The sulfur content of the wax oil which can be used for blending and producing low-sulfur marine fuel oil in the current refinery reaches up to 1% -3%, the wax oil is directly used for blending and adding with lower proportion, and the cost is not obviously reduced. The current solution is to mix high sulfur components such as wax oil, residual oil, etc. for hydrotreating, and remove the sulfur components therefrom for blending low sulfur bunker fuel oil. But the hydrodesulfurization technology has harsh technological conditions, needs larger equipment investment and higher desulfurization cost, and the hydrogenated wax oil has smaller competitiveness when being used for producing low-sulfur marine fuel oil.
The oxidation extraction desulfurization technology is a technology capable of replacing hydrodesulfurization, and the basic principle of the technology is that sulfides in oil products are oxidized into sulfur oxides with strong polarity such as sulfones and the like by an oxidizing agent under the action of a catalyst, and the sulfur oxides have more polarity than the sulfides due to the fact that the electronegativity of oxygen is higher than that of sulfur, and are easily extracted and removed by a polar solvent, so that the sulfur content in the oil products is reduced. The oxidation desulfurization technology has simple process, mild condition and low equipment investment. However, most of the current reports on the wax oil oxidation extraction desulfurization technology are principle exploration, and few reports are provided for the novel process. The reported catalysts comprise formic acid, acetic acid, phosphotungstate and the like, and the oxidizing agent comprises hydrogen peroxide, peracetic acid, tert-butyl peroxide and the like, and the systems have the problems of low single-pass desulfurization rate, long reaction time, large using amount of the catalyst and the oxidizing agent and the like.

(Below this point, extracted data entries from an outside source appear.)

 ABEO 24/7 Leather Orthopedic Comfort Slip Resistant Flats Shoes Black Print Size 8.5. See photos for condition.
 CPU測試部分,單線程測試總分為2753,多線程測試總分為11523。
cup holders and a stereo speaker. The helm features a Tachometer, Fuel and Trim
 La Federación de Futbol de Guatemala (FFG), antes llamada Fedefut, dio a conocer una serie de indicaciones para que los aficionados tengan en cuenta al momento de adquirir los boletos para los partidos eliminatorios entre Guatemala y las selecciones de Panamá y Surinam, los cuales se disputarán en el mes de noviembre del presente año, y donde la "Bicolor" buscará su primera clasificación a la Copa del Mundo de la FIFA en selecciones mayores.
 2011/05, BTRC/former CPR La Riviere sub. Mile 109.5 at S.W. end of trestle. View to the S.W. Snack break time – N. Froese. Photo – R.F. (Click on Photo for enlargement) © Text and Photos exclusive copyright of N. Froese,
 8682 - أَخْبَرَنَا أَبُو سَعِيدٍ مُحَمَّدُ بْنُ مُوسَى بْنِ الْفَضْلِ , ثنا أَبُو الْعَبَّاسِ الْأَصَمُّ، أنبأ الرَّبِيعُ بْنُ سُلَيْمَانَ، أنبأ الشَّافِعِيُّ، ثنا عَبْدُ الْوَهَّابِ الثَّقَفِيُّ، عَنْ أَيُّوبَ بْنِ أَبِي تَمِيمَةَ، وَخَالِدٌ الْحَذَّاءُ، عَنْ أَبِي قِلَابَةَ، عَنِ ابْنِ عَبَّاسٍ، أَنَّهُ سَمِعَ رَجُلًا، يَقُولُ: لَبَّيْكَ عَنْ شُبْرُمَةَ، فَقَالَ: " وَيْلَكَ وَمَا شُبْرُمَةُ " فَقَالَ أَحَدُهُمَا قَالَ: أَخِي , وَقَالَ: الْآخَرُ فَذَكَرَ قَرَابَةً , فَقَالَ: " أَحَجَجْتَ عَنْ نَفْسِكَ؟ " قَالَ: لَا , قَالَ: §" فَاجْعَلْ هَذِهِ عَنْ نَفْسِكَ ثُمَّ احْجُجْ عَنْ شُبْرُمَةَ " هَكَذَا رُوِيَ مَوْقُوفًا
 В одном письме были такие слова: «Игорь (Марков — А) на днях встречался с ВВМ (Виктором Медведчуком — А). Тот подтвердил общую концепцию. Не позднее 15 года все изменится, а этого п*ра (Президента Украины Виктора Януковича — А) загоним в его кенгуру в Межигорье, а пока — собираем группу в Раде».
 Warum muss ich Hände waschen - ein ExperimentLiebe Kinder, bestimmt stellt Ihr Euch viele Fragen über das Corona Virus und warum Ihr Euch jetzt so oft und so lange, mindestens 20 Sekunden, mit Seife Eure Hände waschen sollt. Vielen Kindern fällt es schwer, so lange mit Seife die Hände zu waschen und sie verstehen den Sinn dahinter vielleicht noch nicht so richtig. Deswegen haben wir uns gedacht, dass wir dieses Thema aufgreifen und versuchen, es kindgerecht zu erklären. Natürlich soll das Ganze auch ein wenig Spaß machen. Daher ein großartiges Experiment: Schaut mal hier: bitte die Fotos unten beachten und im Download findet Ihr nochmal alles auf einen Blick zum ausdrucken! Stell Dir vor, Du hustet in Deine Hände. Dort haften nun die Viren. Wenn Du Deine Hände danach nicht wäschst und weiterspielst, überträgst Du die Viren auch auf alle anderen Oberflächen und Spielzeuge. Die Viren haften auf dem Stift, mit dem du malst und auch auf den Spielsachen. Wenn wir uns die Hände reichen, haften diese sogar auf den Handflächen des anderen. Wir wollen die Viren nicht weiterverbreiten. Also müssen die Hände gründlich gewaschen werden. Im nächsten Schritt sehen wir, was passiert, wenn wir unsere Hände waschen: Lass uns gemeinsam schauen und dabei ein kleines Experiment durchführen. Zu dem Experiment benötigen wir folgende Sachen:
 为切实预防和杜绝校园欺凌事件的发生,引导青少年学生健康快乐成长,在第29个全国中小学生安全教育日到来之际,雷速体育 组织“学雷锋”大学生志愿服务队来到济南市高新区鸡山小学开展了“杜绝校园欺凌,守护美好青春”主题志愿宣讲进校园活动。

The existing wax oil oxidation desulfurization process adopts an intermittent stirred tank reaction process (CN 104593056A), has the defects of poor multiphase material mixing effect, poor mass transfer performance and the like, and the oxidative desulfurization effect of hydrogen peroxide/acetic anhydride on the coking wax oil shows that a hydrogen peroxide/acetic acid system is used for reacting for 75min in a stirred tank, and the desulfurization rate is only 55%. Meanwhile, as the oxidant is hydrogen peroxide (CN 102408915A, CN 105176570A), the oxidant is easy to decompose when being heated, and excessive addition is needed to ensure the desulfurization effect, so that the method is not beneficial to industrial production. The invention provides a method for continuously operating a wax oil oxidation desulfurization process by using a microchannel reactor, which has high equipment safety and can effectively shorten the reaction time and the consumption of an oxidant.
Disclosure of Invention
The invention aims to provide a novel process and a novel method for strengthening the oxidation desulfurization process of wax oil by using a microchannel reactor aiming at the defects of the conventional wax oil oxidation extraction desulfurization technology, and realizes the continuous oxidation desulfurization of the wax oil with short retention time and small using amount of oxidant by utilizing the efficient mass transfer mixing characteristic of the microchannel reactor.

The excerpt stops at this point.